**Provided material**

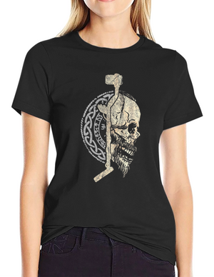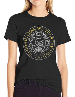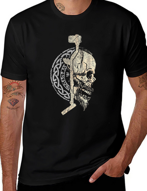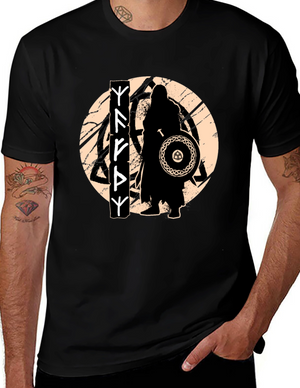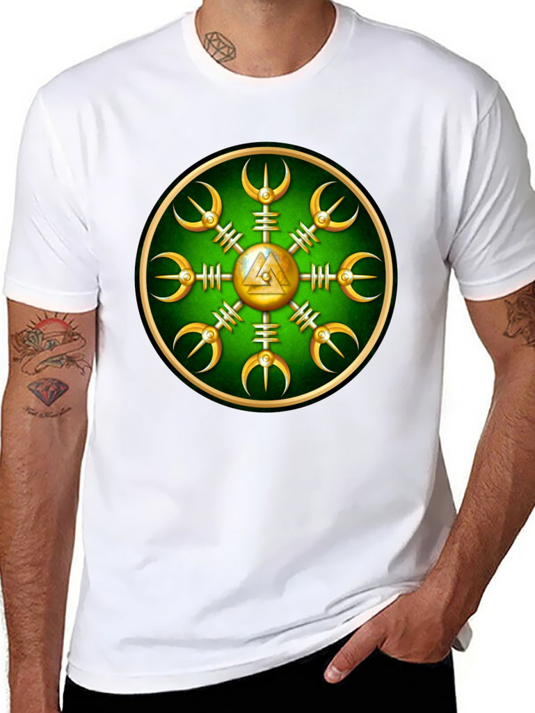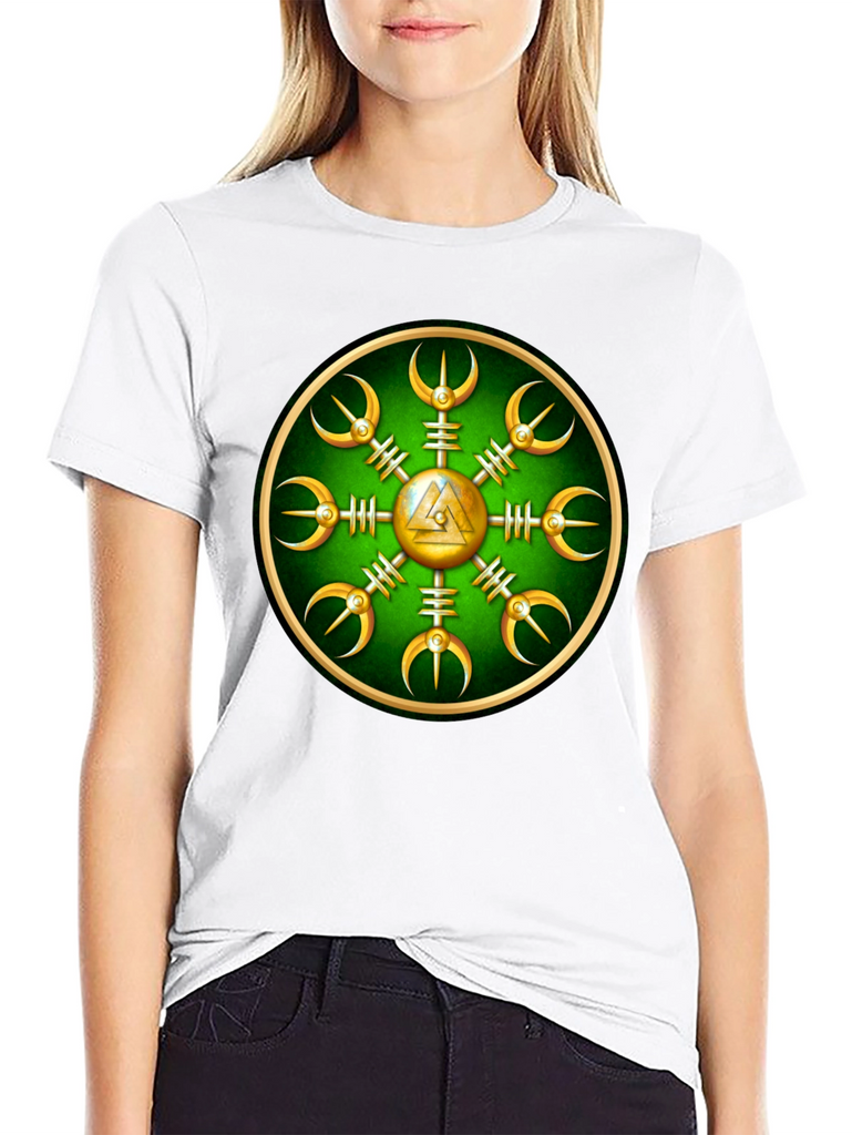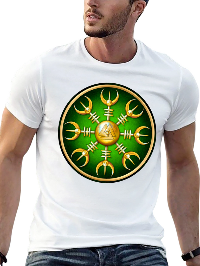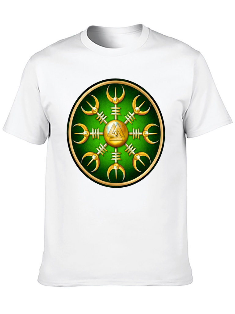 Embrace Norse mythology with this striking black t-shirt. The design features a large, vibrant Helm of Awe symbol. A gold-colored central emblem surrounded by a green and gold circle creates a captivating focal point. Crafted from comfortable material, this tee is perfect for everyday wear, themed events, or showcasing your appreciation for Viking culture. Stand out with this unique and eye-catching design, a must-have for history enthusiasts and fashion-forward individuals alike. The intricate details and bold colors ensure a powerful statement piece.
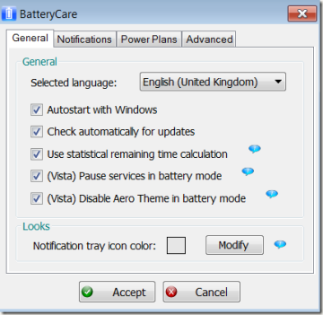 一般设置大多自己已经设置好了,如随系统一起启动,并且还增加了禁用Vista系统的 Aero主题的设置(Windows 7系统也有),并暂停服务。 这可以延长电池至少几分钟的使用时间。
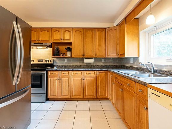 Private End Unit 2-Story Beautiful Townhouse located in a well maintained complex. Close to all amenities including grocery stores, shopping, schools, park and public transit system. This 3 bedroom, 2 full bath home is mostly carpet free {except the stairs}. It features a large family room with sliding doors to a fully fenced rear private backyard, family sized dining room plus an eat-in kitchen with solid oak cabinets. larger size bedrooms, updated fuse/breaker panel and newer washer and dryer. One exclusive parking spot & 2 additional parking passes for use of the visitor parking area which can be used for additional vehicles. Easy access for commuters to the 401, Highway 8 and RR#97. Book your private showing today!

**Task goal**
Take the line with "Aero主题的设置(Windows 7系统也有),并暂停服务。 这可以延长电池至少几分钟的使用时间。" and each line after it through the end of the material above, and reproduce them exactly, without the pictures.

**Solution for this exercise**
 一般设置大多自己已经设置好了,如随系统一起启动,并且还增加了禁用Vista系统的 Aero主题的设置(Windows 7系统也有),并暂停服务。 这可以延长电池至少几分钟的使用时间。
 Private End Unit 2-Story Beautiful Townhouse located in a well maintained complex. Close to all amenities including grocery stores, shopping, schools, park and public transit system. This 3 bedroom, 2 full bath home is mostly carpet free {except the stairs}. It features a large family room with sliding doors to a fully fenced rear private backyard, family sized dining room plus an eat-in kitchen with solid oak cabinets. larger size bedrooms, updated fuse/breaker panel and newer washer and dryer. One exclusive parking spot & 2 additional parking passes for use of the visitor parking area which can be used for additional vehicles. Easy access for commuters to the 401, Highway 8 and RR#97. Book your private showing today!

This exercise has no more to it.